Tulip Festival Continues In Orange City

Orange City, Iowa — The seventy-fifth Orange City Tulip Festival continues in Orange City.

Still picture courtesy SuperHiTech's Tulip Festival Cam
Still picture courtesy SuperHiTech’s Tulip Festival Cam

Julianna Pennings is the event’s coordinator.

(as said) “This is something that’s really important to us as the Orange City community,” she says, “to continue celebrating our heritage and our Dutch roots and we look forward to sharing that with everyone here and everyone who comes to visit.”

Many Orange City residents are wearing their iconic wooden shoes for this weekend’s events. Pennings says the different styles and colors of the costumes that people are wearing reflect which territory of the Netherlands their family came from.

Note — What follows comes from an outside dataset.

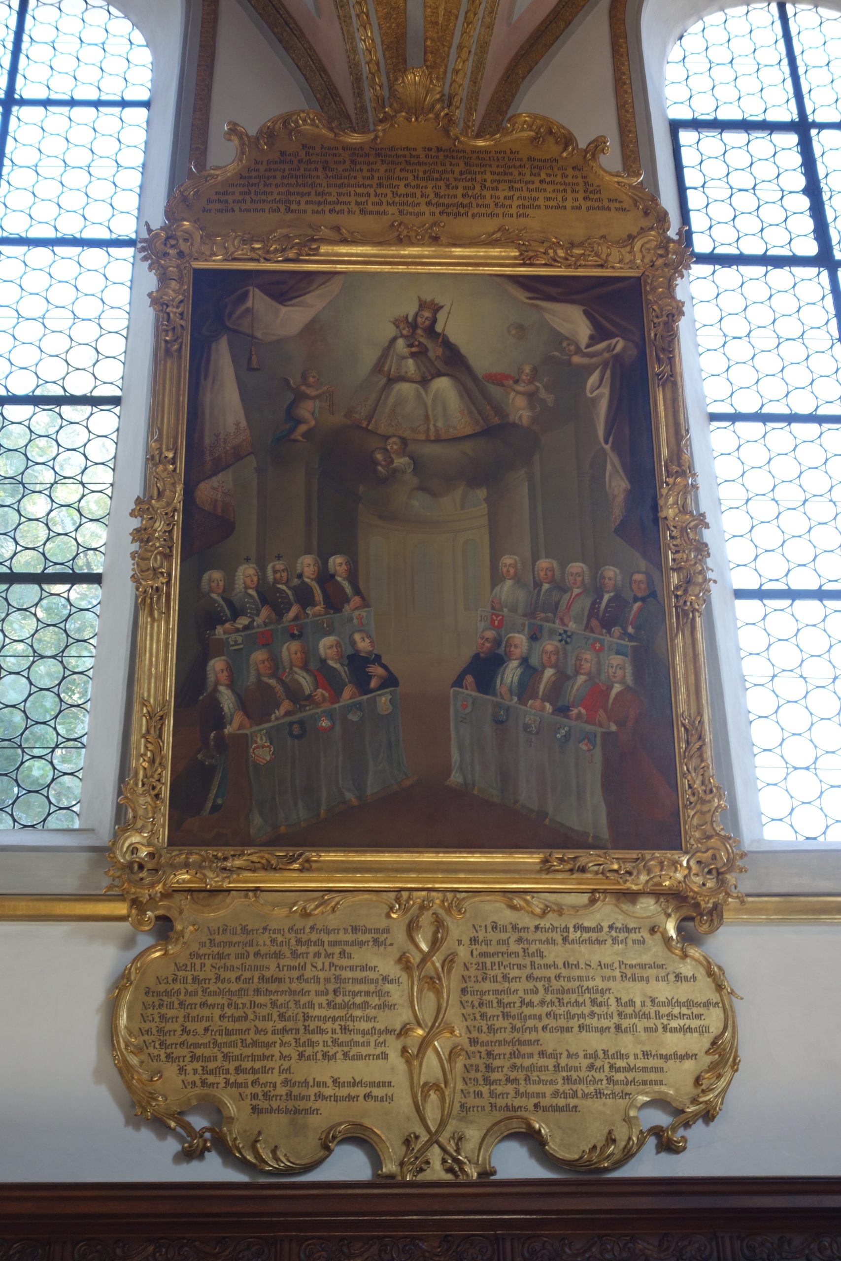 Von denen hinach Specificierten 20 Personen, welche von der Kaisl. Residenz-Stadt München den 6ten Ocktober An. 1742 beim Abmarsch der feindlich Oesterreich und Hungar Völker Nachtszeit in den Häusertn ausgehebt, folglich als Geiseln abweg und nach Linz, endlich aber auf Gratz gefänglich geführet worden, die dan wie sie es in damahligen gefährlichen Zeitläufen und mißlichen Umständen verlobt, in gegenwärtigen Gotteshaus Ramersdorf der gebenedeijtesten, jungfräulichen Mutter Gottes ein Lob und Dank-Amt halten, auch die Tafel malen und hieher aufhangen laßen, weil durch dero Vorbilt, die Herren Geiseln bis auf einzige zwei, so zu Gratz verstorben, nach dreivierteljährig ausgestandener hart und betrübtester Gefangenschaft, beim Leben erhalten worde und glücklich wieder zurück kommen sind. Darum nach Gott die Himmels-Königin in Ewigkeit gepriesen sein solle.
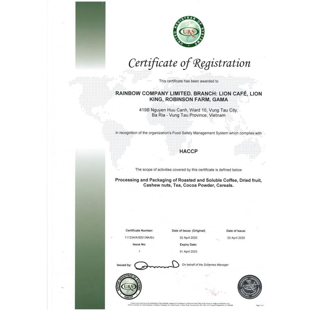 Đạt Chứng nhận quốc tế ISO 22000:2018 An Toàn Thực Phẩm cấp bởi Tổ Chức URS Anh Quốc.

(as said) “It’s a really fun thing to see, lots of color,” Pennings says. “…We love having so many people wear them.”

A new building opened in downtown Orange City last week where visitors can see and hear the city’s ornate “Dutch street organ” — the only working organ of its kind in the U.S.

(Street organ music)

The building is called the Stadscentrum. That’s the Dutch word for city center. In addition to serving as the new home for the street organ, the building houses the equipment for making wooden shoes.

This annual event started as a flower show in Orange City, then evolved into three-day-long event, with two parades daily. Tulips are the national flower of the Netherlands and the centerpiece of Orange City’s yearly festival.


(as said) “They look very good. The gardens all look really good. The different beds that we have planted around town all look great and the Tulip Town Bulb Company’s gardens are flourishing,” she says. “So, yes, the tulips look wonderful for our annual celebration.”

According to the city’s website, Orange City was settled in 1869 by four Dutch men who set out for northwest Iowa from the central Iowa colony of Pella. It was named Orange City in honor of the “Royal House of Orange” — that’s another way to refer to the royal family of the Netherlands.